What you are asked to do: Would you please print exactly the lines that run from the one with "- Includes feeder" to the last line of the data, both included, without any pictures?

Material provided:
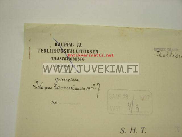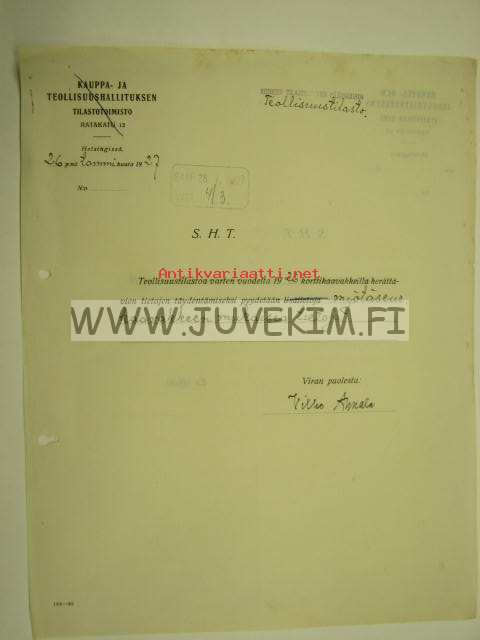 Kauppa- ja Teollisuushallituksen Tilastotoimisto / Suomen Tilastollinen Päätoimisto, Helsinki 27.1.1927 -asiakirja, omakätinen allekirjoitus Vilho Ann
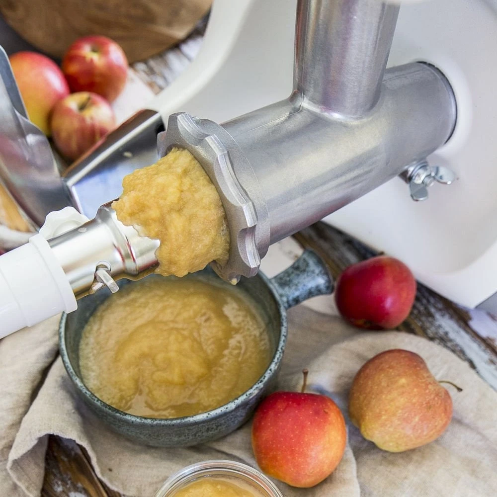 - Includes feeder table, plug, splash guard, sausage horn, strainer, grater, and cookie attachment
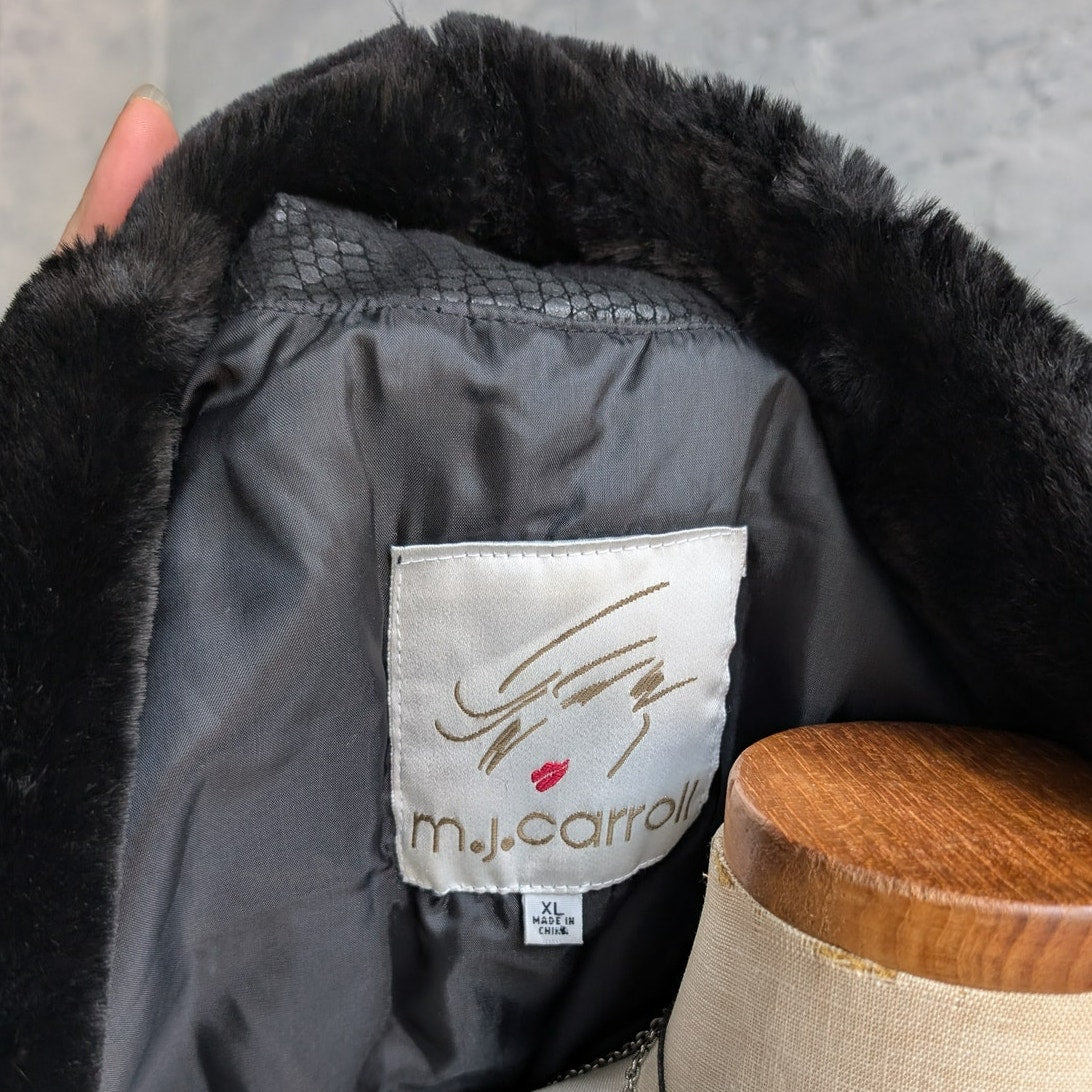 Vintage Black Leather Snakeskin Trench Coat Penny Lane Grunge Faux Fur Jacket

Result:
 - Includes feeder table, plug, splash guard, sausage horn, strainer, grater, and cookie attachment
 Vintage Black Leather Snakeskin Trench Coat Penny Lane Grunge Faux Fur Jacket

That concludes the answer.